-- Activity --
Reproduce each line of the entries that carries "with".

-- Task data --

#####

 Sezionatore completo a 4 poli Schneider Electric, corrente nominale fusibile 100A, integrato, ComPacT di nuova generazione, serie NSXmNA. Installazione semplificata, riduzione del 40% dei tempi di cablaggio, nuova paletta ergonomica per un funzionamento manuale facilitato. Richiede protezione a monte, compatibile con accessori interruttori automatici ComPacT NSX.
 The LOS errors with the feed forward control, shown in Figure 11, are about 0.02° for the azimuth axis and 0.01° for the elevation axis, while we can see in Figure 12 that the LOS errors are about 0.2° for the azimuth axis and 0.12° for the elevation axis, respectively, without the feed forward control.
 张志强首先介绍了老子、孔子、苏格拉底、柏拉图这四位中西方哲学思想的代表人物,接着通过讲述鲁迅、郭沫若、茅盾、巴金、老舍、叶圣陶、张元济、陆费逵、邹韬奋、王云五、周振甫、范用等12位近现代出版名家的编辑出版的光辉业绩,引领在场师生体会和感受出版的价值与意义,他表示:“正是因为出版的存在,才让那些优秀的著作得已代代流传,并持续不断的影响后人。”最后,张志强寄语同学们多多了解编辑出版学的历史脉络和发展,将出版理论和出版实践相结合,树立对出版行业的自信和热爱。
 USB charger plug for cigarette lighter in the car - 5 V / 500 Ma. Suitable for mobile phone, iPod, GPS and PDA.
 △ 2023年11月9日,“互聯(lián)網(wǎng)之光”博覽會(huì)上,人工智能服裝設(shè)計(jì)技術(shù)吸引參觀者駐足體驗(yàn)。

#####

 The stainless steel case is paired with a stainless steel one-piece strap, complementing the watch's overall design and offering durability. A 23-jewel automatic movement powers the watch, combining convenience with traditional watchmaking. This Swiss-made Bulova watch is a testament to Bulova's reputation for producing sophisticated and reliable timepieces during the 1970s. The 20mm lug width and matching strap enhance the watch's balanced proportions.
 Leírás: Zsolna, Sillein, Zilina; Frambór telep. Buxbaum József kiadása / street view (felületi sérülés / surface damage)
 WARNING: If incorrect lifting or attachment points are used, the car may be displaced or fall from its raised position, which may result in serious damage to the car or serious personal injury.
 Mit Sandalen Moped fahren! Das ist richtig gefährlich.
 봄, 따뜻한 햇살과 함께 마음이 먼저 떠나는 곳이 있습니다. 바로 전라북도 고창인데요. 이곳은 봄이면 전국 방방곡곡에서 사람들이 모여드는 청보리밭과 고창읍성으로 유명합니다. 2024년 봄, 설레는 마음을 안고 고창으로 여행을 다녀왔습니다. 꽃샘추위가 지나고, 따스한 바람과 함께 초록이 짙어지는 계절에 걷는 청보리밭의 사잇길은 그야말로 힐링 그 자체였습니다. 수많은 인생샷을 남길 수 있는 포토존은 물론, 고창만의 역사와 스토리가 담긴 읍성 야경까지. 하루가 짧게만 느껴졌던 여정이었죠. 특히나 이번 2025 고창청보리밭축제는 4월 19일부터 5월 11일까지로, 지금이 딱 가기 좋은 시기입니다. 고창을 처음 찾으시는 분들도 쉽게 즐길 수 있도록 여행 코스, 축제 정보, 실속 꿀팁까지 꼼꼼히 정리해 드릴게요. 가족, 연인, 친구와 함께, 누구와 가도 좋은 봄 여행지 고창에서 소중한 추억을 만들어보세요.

#####

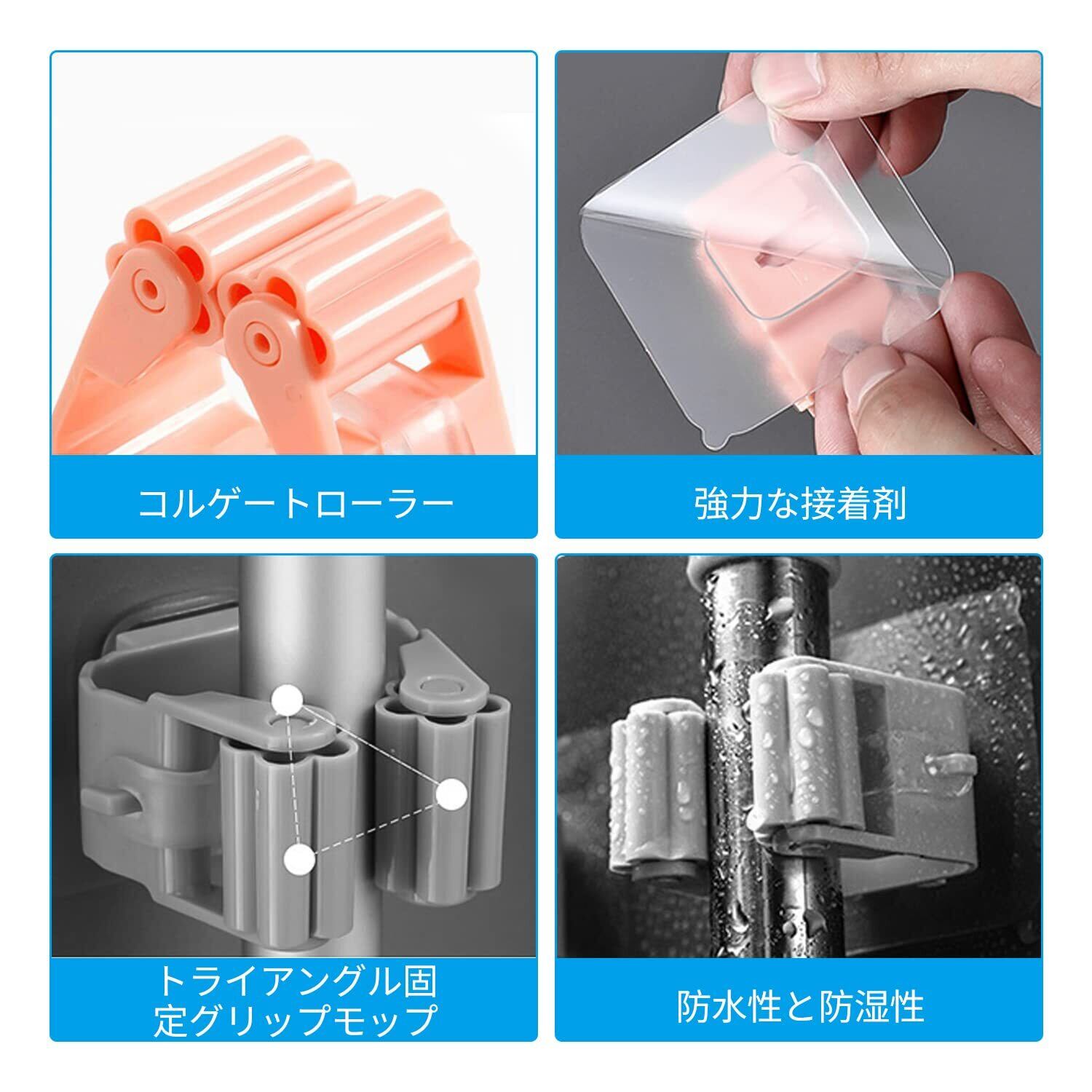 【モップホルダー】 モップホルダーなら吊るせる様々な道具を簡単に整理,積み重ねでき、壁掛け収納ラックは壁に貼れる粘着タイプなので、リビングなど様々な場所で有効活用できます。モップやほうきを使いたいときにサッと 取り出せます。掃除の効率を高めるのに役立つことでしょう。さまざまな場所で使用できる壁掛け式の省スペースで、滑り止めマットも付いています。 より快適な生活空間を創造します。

#####

-- Output of the task --
 The LOS errors with the feed forward control, shown in Figure 11, are about 0.02° for the azimuth axis and 0.01° for the elevation axis, while we can see in Figure 12 that the LOS errors are about 0.2° for the azimuth axis and 0.12° for the elevation axis, respectively, without the feed forward control.
 The stainless steel case is paired with a stainless steel one-piece strap, complementing the watch's overall design and offering durability. A 23-jewel automatic movement powers the watch, combining convenience with traditional watchmaking. This Swiss-made Bulova watch is a testament to Bulova's reputation for producing sophisticated and reliable timepieces during the 1970s. The 20mm lug width and matching strap enhance the watch's balanced proportions.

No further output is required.